Make sure to use the right dataframe.

```python
df = df.withColumn('bot',df['bot'].cast(IntegerType()))
df.limit(5) .toPandas()
```

In [None]:
# your solution goes here
# ...

In [None]:
Now you should have better understanding of the data. let's drop irrelevant columns:

Run the next commands:
    
```python

# Dropping irrelevant columns and duplicates
df = df.drop('default_profile_image','has_extended_profile','url','created_at','lang','id','id_str')
df = dft.dropDuplicates()
```

In [None]:
from pyspark.sql.types import IntegerType, ArrayType, BooleanType, StringType
from pyspark.sql.functions import udf
from pyspark.sql.functions import when

# your solution goes here
# ...

Next, cast and transform the data into the decided upon column types.
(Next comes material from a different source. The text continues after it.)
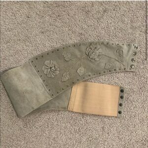Vintage Tan Low Waist Snap Floral embroidery Belt
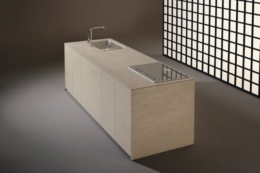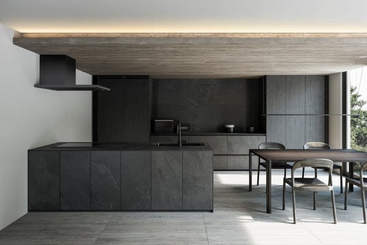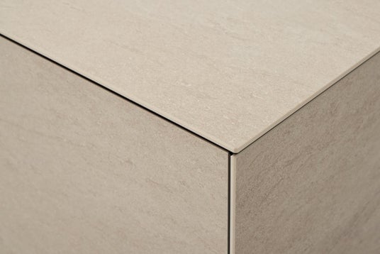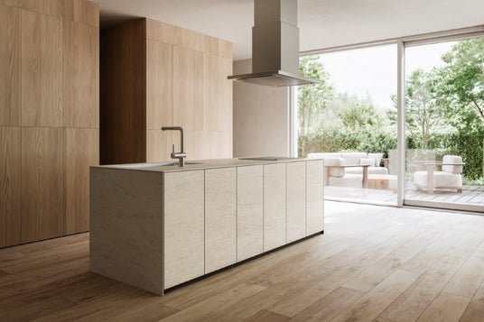 ワークトップ・扉・サイドパネルのすべてに同一のセラミック素材を使用。素材・色・質感が空間全体で統一されることで、まるでひとつの塊を切り出したような圧倒的な存在感を生み出します。キッチンそのものがインテリアの主役となる究極のノイズレスを追求しました。

Run the next commands and break them down into transformations so it will be easier for you to follow along:

```python
# First Transformation
df_test = df_test.withColumn("friends_count", df_test["friends_count"].cast(IntegerType()))
df_test = df_test.withColumn("listed_count", df_test["listed_count"].cast(IntegerType()))
df_test = df_test.withColumn("favourites_count", df_test["favourites_count"].cast(IntegerType()))
df_test = df_test.withColumn("statuses_count", df_test["statuses_count"].cast(IntegerType()))
df_test = df_test.withColumn("verified", df_test["verified"].cast(BooleanType()))
df_test = df_test.withColumn("default_profile", df_test["default_profile"].cast(BooleanType()))

# Second Transformation
df_test = df_test.withColumn('default_profile',df_test['default_profile'].cast(IntegerType()))
df_test = df_test.withColumn('name',when(df_test['name'].isNull(),0).otherwise(1))
df_test = df_test.withColumn('verified',df_test['verified'].cast(IntegerType()))

# Theird Transformation
df_test = df_test.withColumn('verified',when(df_test['verified'].isNull(),0).otherwise(df_test['verified']))
df_test = df_test.withColumn('default_profile',when(df_test['default_profile'].isNull(),0).otherwise(df_test['default_profile']))
df_test = df_test.withColumn('location',when(df_test['location'].isNull(),0).otherwise(1))
df_test = df_test.withColumn('status',when(df_test['status'].isNull(),0).otherwise(1))
df_test = df_test.withColumn('screen_name',when(df_test['screen_name'].isNull(),0).otherwise(1))

# Forth Transformation
df_test = df_test.dropna(subset=['description'])

def split_and_set(some_str):
    if isinstance(some_str, str):
        some_str = ''.join(c for c in some_str if c not in "[](){}<>,'/.")
        return list(set(some_str.split(' ')))
    return some_str

list_udf = udf(lambda y: split_and_set(y), ArrayType(StringType()))
df_test = df_test.withColumn('description', list_udf(df_test['description']))

# Fifth Transformation - fill NA:
df_test = df_test.fillna({'followers_count':0,'statuses_count':0,'favourites_count':0,'listed_count':0,'friends_count':0,})
```

In [None]:
# your solution goes here
# ...

Save this data to parquest so it is easier to work with later

```python
df_test.write.parquet("marshalled_data")
```

In [None]:
# your solution goes here
# ...

#### Well Done! 👏👏👏
You just finished: Marshaling the data!